Selasa, 09 Juni 2009

Ilmu dan Agama dalam Bingkai Fil. Ilmu

HUBUNGAN ILMU DAN AGAMA


A. Pendahuluan
Kiranya sudah sejak dua Abad silam perkembangan dunia sains berikut turunannya tekhnologi cenderung berwatak ateistik-materialistik, hasilnya pun kerap kali mengancam eksistensi agama. Dengan berlandaskan pada metafisika yang bertentangan dengan agama, teori-teori ilmiah sains cenderung menyudutkan agama, seperti teori penciptaan alam semesta, asal-usul manusia, hubungan alam dengan Tuhan dan sebagainya.
Fenomena ini mencapai titik puncaknya tatkala Charles Darwin mempopulerkan teori evolusi, lewat karyanya “The Origin of Species”. Sebuah penemuan baru yang banyak mendapatkan cekaman dan penuh kontroversial, namun mampu meruntuhkan doktrin dan keyakinan kuat kaum beragama mengenai misteri kemunculan manusia. Gagasan ini kemudian diikuti oleh pandangan para Darwinisme mengenai fenomena alam, yang keberadaannya dianggap hanya faktor kebetulan belaka, dan tidak ada agen atau kreator yang menciptakannya (termasuk Tuhan).
Keradikalan sains modern dengan coraknya yang ateistik-materialistik itu dianggap oleh kaum agamawan sebagai sesuatu yang membahayakan. Dari kaum agamawan, paling tidak ada tiga corak dalam merespon atau menanggapi keradikalan paradigma sains modern yang ateistik-materialistik ini.

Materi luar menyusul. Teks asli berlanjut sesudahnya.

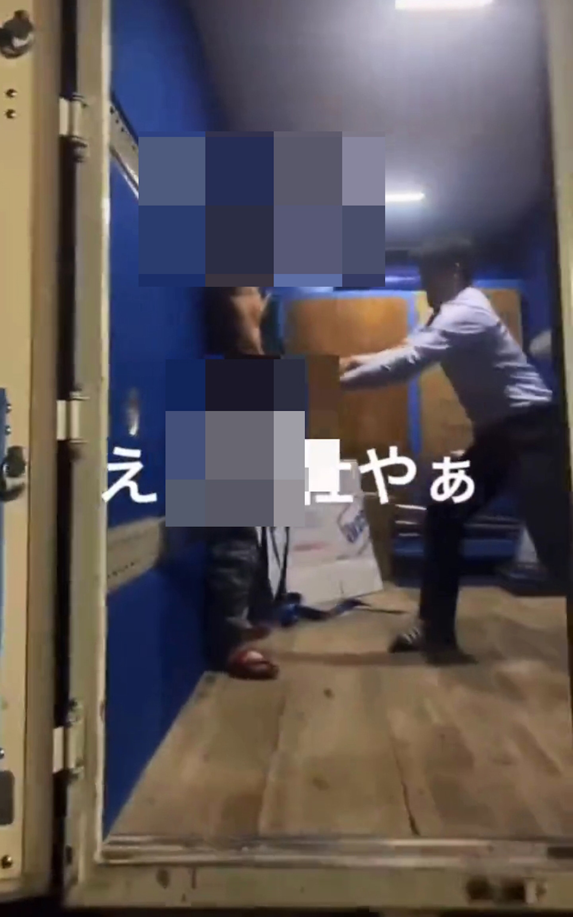 4 o/ c) W' A$ ltvb now,tvbnow,bttvb日本最近爆出職場欺凌事件,有搬屋公司職員全裸被綁在貨車上,有同事拉彈力帶攻擊其下體。(Twitter「滝沢ガレソ」影片截圖)

Pertama, kelompok agamawan yang berusaha mempertahankan doktrin dan kepercayaannya dengan tidak memperdulikan penemuan sains modern (mereka mengisolasi diri dari dunia sains modern), kedua, meninggalkan tradisi dan mencoba mencari titik temunya dengan sains modern, dan ketiga berusaha merumuskan kembali konsep keagamaan secara ilmiah dan kontemporer (upaya untuk menyatukan ilmu dan agama yang dilakukan oleh integralisme ).
Selanjutnya isu tentang perdebatan atau perjumpaan antara sains dan agama adalah turunan dari permasalahan ini, dan menjadi genre tersendiri di dunia keilmuan. Di tangan para teolog/agamawan dari Barat, perdebatan antara sains dan agama menghasilkan gagasan “sains teistik”, yaitu: sains yang sensitive terhadap keyakinan dan ajaran agama. Sementara dalam konteks Kristen kontemporer, Ian Barbour mendasarkan pendekatan “integrasi” (integrasi teologis) dalam upayanya mempertemukan sains dan agama dengan empat tipologinya yaitu; konflik, independensi, dialog dan integrasi. Juga John F. Haught yang menggunakan pendekatan konflik, kontras, kontak, dan konfirmasi.
Sementara dalam Islam hubungan antara sains dan agama telah menjadi topik menarik selama lima puluh tahun terakhir ini. Gagasan mengenai “sains Islami” atau “Islamisasi sains” merupakan reaksi atas sains modern yang ateistik-materialistik tersebut. “Sains Islami” ini pada mulanya dipopulerkan oleh para pemikir muslim seperti Sayyed Hossein Nasr, Ziauddun Sardar, Ismail al-Faruqi, al-Attas dan akhir-akhir ini Mehdi Golshani. Di mana pemikiran mereka kerap kali dilabeli dengan “islamisasi ilmu”. Meskipun gagasan mereka berebeda, semuanya bergerak pada lapangan dan tingkat yang sama yaitu tingkat epistemologi dan sedikit menyentuh aspek metafisika.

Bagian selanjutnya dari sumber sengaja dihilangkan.